The documentation for this release is available here.
Bugfixes
- #293 Fixed a buffer leak in the Indexer Application.
- #294 Files that had no content were never set to INDEXED. Because of this, these documents were re-parsed every time the Indexer Application is started.
- #291 The DebugController returned DocumentEntities instead of a DebugResponse. This made the response cluttered with some meaningless information.
Documentation
1.2.0-milestone.1
The next release will be 1.2.0 most likely.
The documentation for this release is available here.
Features
- #152 Replaced the Vault Application's web endpoints with RSocket based ones. This makes indexing more performant.
- #278 Created a debug endpoint to make querying a document's info from the database easier. Later on, this endpoint will be integrated into the administrator dashboard on the Web Application. Until then, it can be called manually from the browser.
- #273 Upgraded the application to Java 16.
- #270 Renamed the INDEXING_FAILURE document status to CORRUPT. This hopefully makes it more describing what's the status of the document. Corruption can happen, and indexing failure is just a symptom. The INDEXING_FAILURE status will be removed in the future. Please use the cleanup command to remove documents from the database that has this status.

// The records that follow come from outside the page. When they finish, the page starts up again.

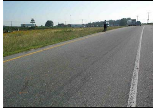
Figure 5 - Area of initial rollover.

The van began to overturn right side leading at approximately the inboard edge of the right shoulder on the one-lane exit ramp. Gouges associated with the rollover were present in the travel lane ( Figure 5 ). The vehicle continued to overturn on the roadway and as the vehicle entered its third quarter turn, the left rear wheel contacted the asphalt road surface ( Figure 6 ). A significant circular gouge was present at this location and correlative damage was present on the left rear wheel rim ( Figure 7 ). The vehicle continued overturning and departed the north roadside and came to final rest after a total of nine-quarter turns. The vehicle traveled approximately 45 m (150') during the rollover event before coming to rest on its right side approximately 8 m (25') outboard of the left (north) shoulder. During the course of the rollover, two occupants were ejected from the vehicle through the second row left window opening and killed. It was unknown where the ejected victims came to rest, although the police did indicate they were not trapped under the vehicle.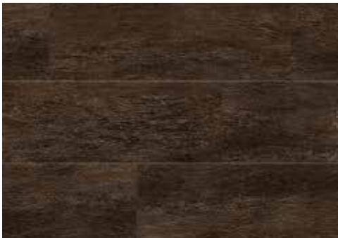
DYB8-3040 / DYB12-3041 / DYBT-3042 BARK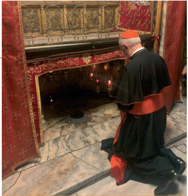
Moment of meditation in the Grotto of the Nativity, followed by a visit to children with disabilities of the Hogar Niño Dios center, in Bethlehem.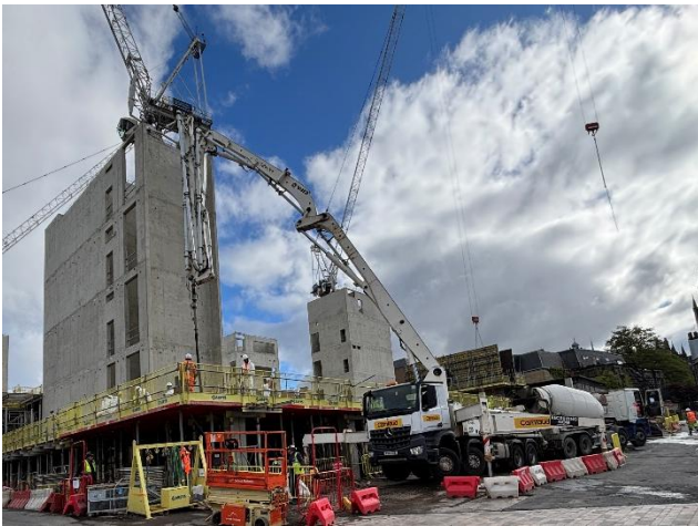
Concrete pump being used in Zone 3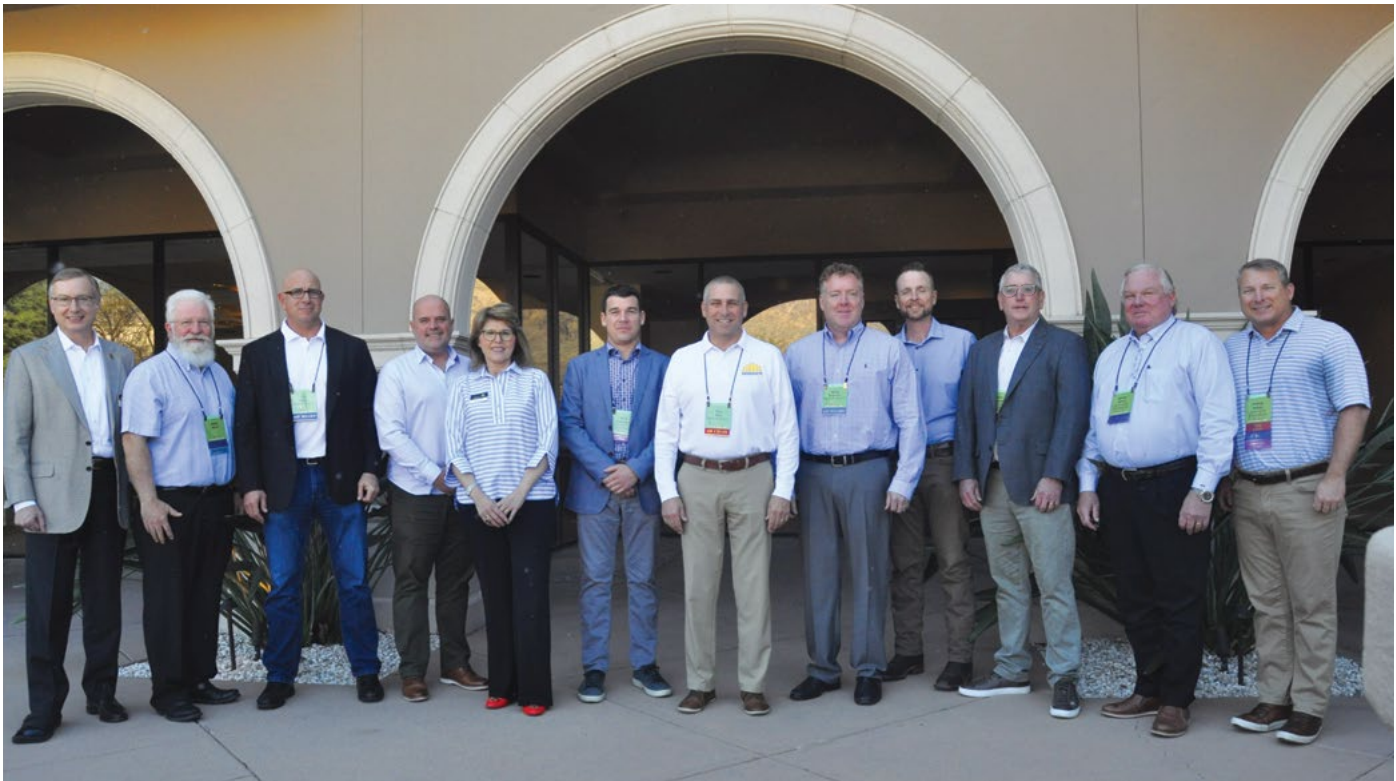
AIF 2021 Board of Directors

the Ergon Foundation's $1 million commitment. The annual AIF Golf Scramble fundraising event resumed in 2021 bringing in net donations of $51k from sponsors and players. Net investment income from all investment funds amounted to $255k. The audited Statement of Activities is showing a $560k increase in net assets for 2021 compared to $413k increase in the prior year. The solid financial performance gives the Foundation the resources to continue its robust support of growing strategic research and educational activities in 2022.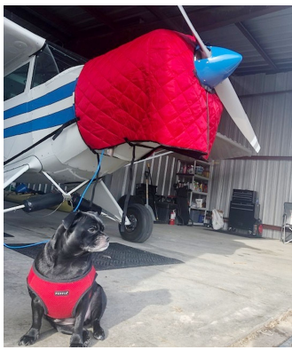
Piper PA-12 Insulated Hangar Blanket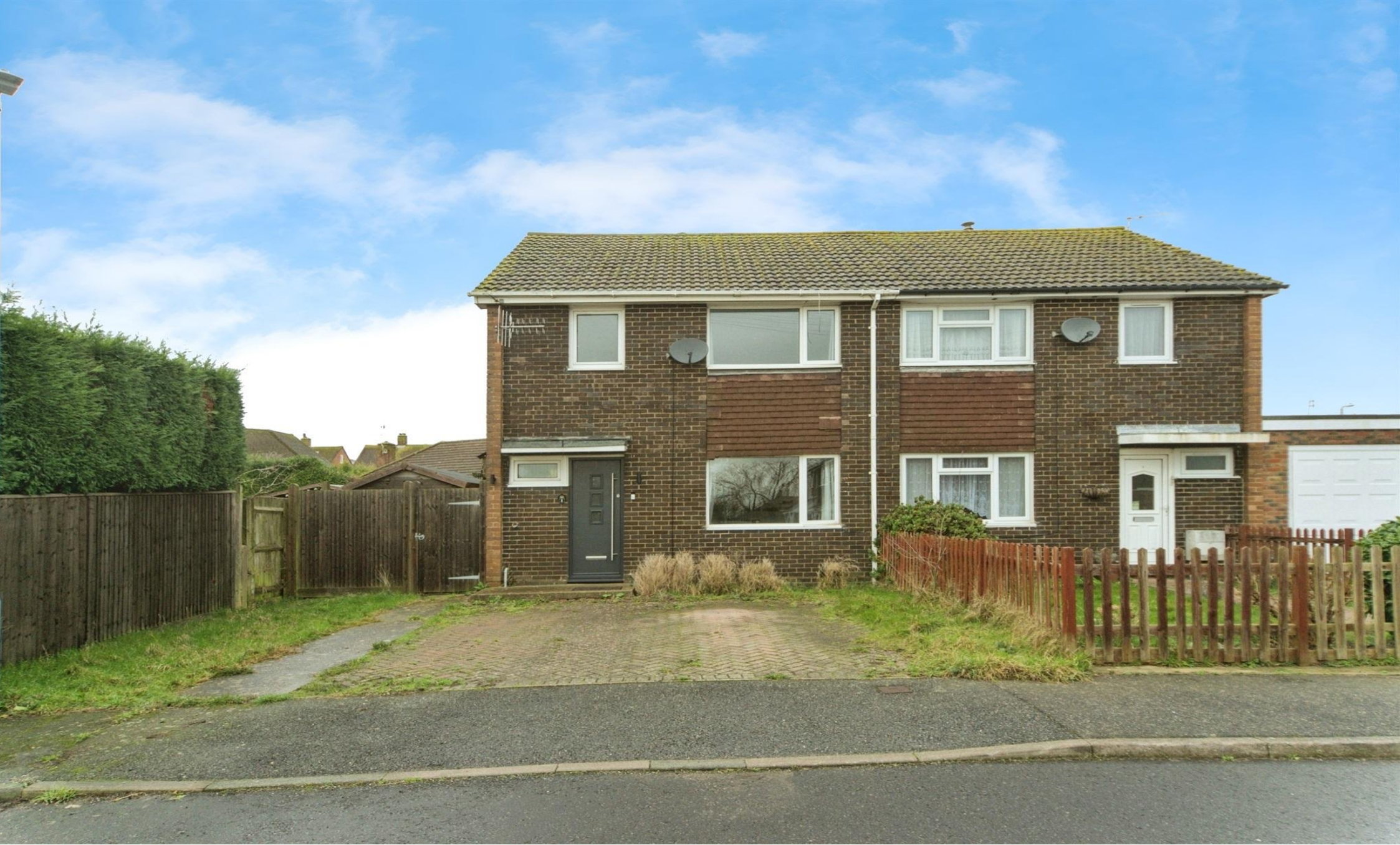
Pankhurst Close, Bexhill-On-Sea TN39 5DL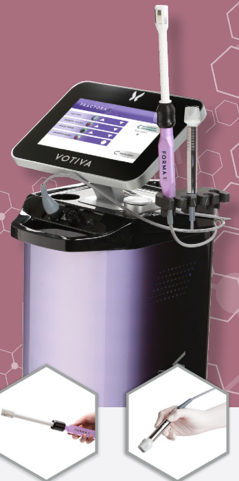
FORMA V FRACTORA V

- #271 Created a cleanup command that removes the corrupt documents from the database and corresponding vaults. It removes every document that has the status INDEXING_FAILURE or CORRUPT.
- #282 Re-added some optimizations that were removed when the whole application was moved to the reactive stack.
Bugfixes
- #267 Fixed a bug that made the Vault Application occasionally fail because it tried to read the queue on multiple threads while initializing.
Maintenance
1.1.1
1.1.0
For a full changelog between 1.1.0 and 1.0.1 please check the changelogs of the release candidates and milestones.

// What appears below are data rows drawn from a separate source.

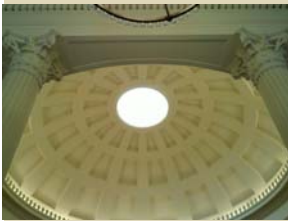
Illinois Old State Capitol AIA Prairie Grassroots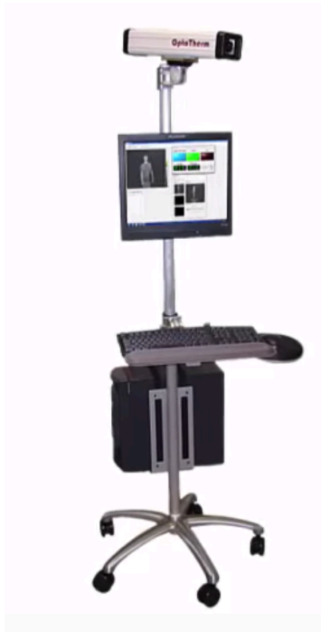
Our US Partner System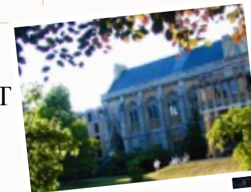
Oxford where Hopkins was 'Star of Balliol'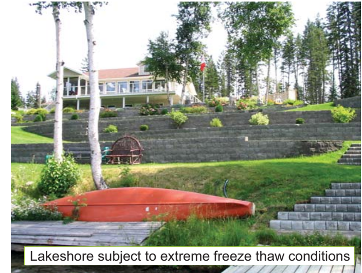
Lakeshore subject to extreme freeze thaw conditions

specifically so that it can be installed with ground anchors for application with high water velocities.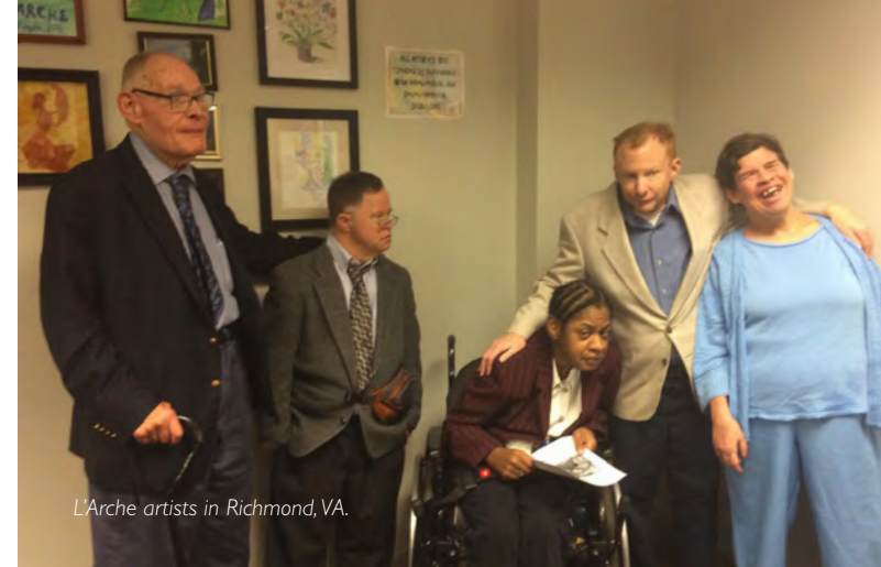
L'Arche artists in Richmond, VA.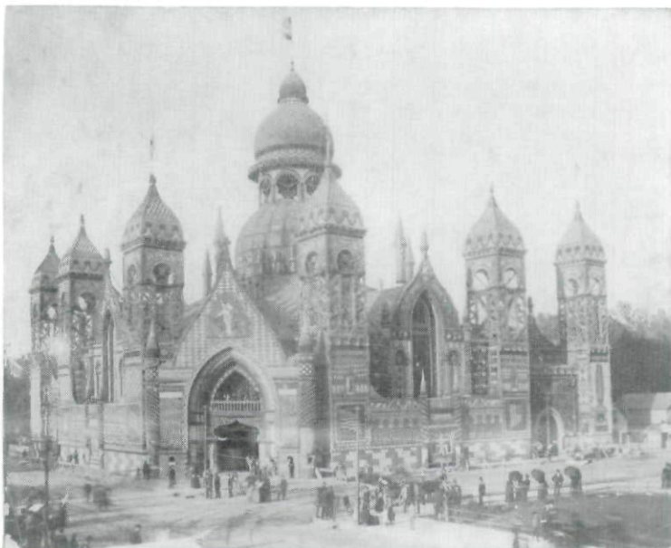
Fourth Corn Palace, 1890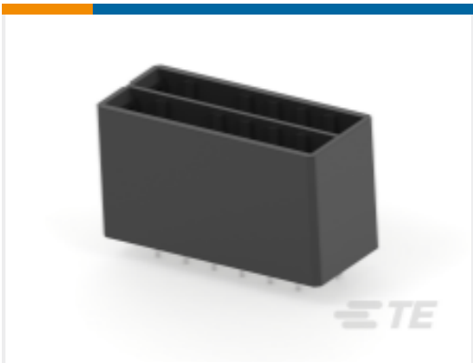
TE Part #1-917338-2 Header Assembly: Wire-to-Board, 15A, gold or tin plated

The documentation for this release is available here.
Features
- #227 Created an official webpage for the project.
Documentation
- #262 Fixed that the documentation still mentioned Java 14 while the requirement is Java 15.
- #263 Added the Indexer Application's missing concurrent-indexer-threads property to the documentation.

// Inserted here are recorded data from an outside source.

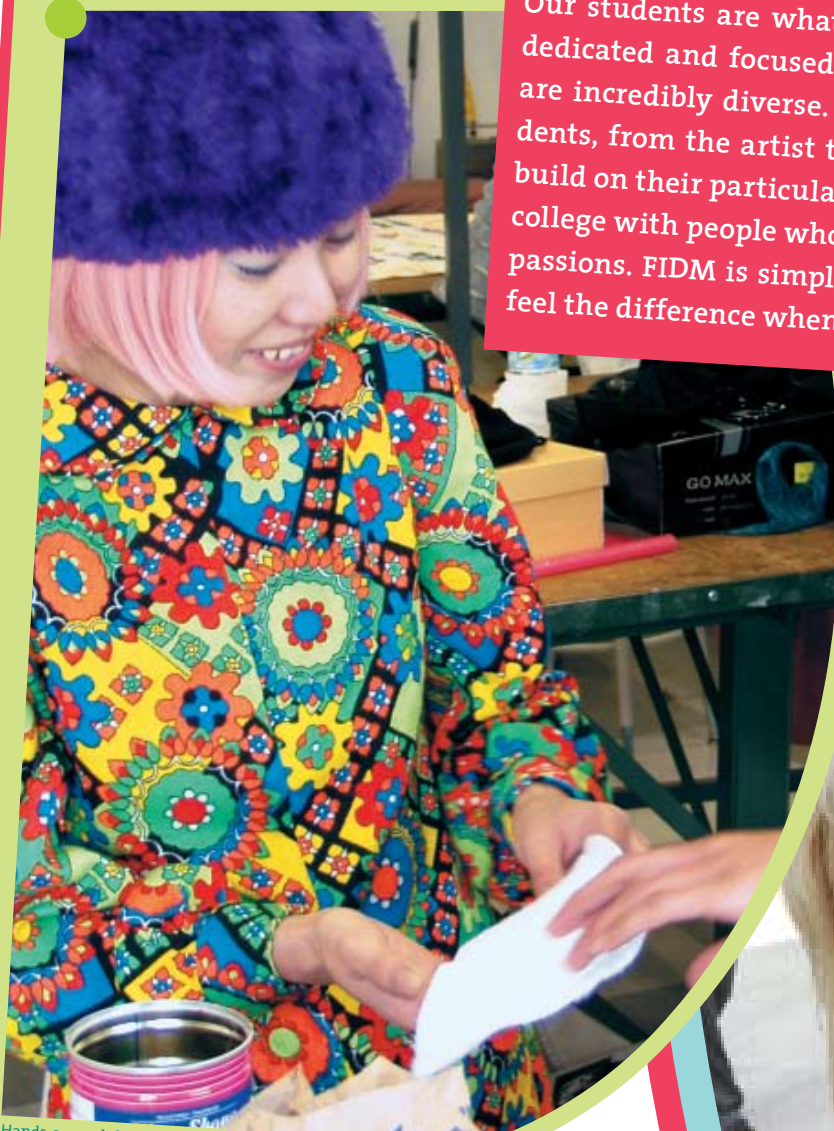
Hands-on workshops are part of the FIDM curriculum.

Our students are what make FIDM so special: they are dedicated and focused. They share common bonds, but are incredibly diverse. We want to help each of our students, from the artist to the entrepreneur, discover and build on their particular abilities. FIDM is about going to college with people who have similar goals, dreams, and passions. FIDM is simply not like any other college. You feel the difference when you walk in.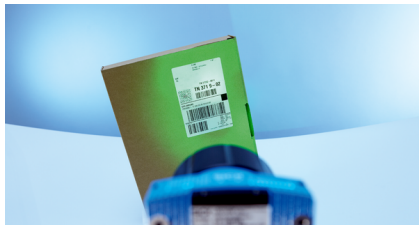
Acoustic and optical feedback. Immediate read feedback in all environments thanks to the green LED and acoustic signal.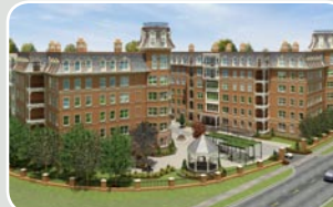
7 Bloomsbury Estates 110 units of residential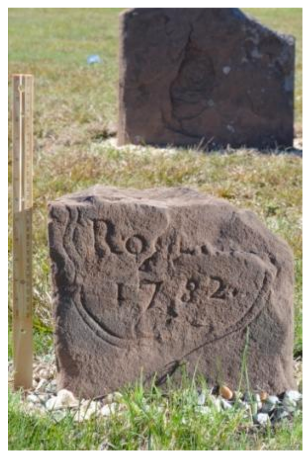
Condition in 2006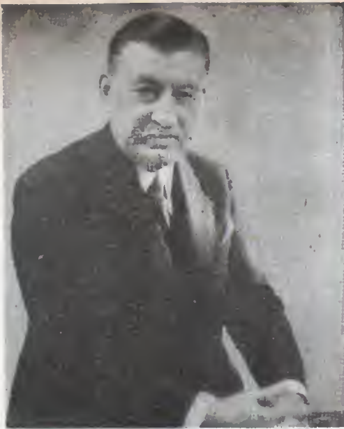
Major Edward Bowes celebrates his twelfth anniversary on the air with the Capitol Family Sunday, November 18th. Tune in any Sunday at 11:30 a. m., NBC-WEAF net

One of the really nice, refined touches you find in the broadcasting business is the idea of the studio hostess. Studio hostesses are different from the regular run-of-the-mill hostesses such as Emily Post describes. They don't meet you at the door, or take your hat and coat, or ask you whether you take lemon or sugar, or any of those things hostesses do in ladies' magazines. They don't wear hostess pajamas, either—more's the pity. And they don't preside at dinner tables, that is, unless you date them out for dinner. No, the studio hostess sits at a desk instead of a tea table, and pours questions and answers instead of tea. Questions like Whom did you wish to see? Does he know you? What broadcast is he on? Will you have a chair? And answers like His line is busy now. She isn't in, He's at a rehearsal and can't be disturbed, That's on the fourth floor, Studio G is occupied, You'll have to write for an appointment.

- #258 Added the Web Application's missing queue properties to the documentation.
- #256 Added the Generator Application's missing skip lines property to the documentation.
- #253 The documentation mentioned commoncrawl while the parameter should be common-crawl.
Bugfixes
- #261 Fixed that the mapper.json file was not found when the Indexer Application is started as a JAR file.
- #260 The skip lines property in the Generator Application was an integer instead of long.
- #259 Bad URLs were saved to the location database because of a faulty toString() call.
- #255 The Common crawl document source were always registered, even when file was specified as the document source.
Maintenance
- #257 Updated Spring Boot version to 2.4.2.
1.1.0-release-candidate.2
The next release will be the final (non-rc) release for 1.1.0. There is a feature-freeze in place until the 1.1.0 release.
The documentation for this release is available here.
Features
- #246 Using the new Spring Boot docker plugin to publish removing one more dependency.
- #230 Added a log that prints the WARC file's location that is under processing by the Generator Application.
- #235 Replaced the Spring Boot logo on startup with our own.
- #231 The Web Application show unavailable vaults on the dashboard.
- #220 The indexer should initialize itself in Elasticsearch without running the initialize-indexer command.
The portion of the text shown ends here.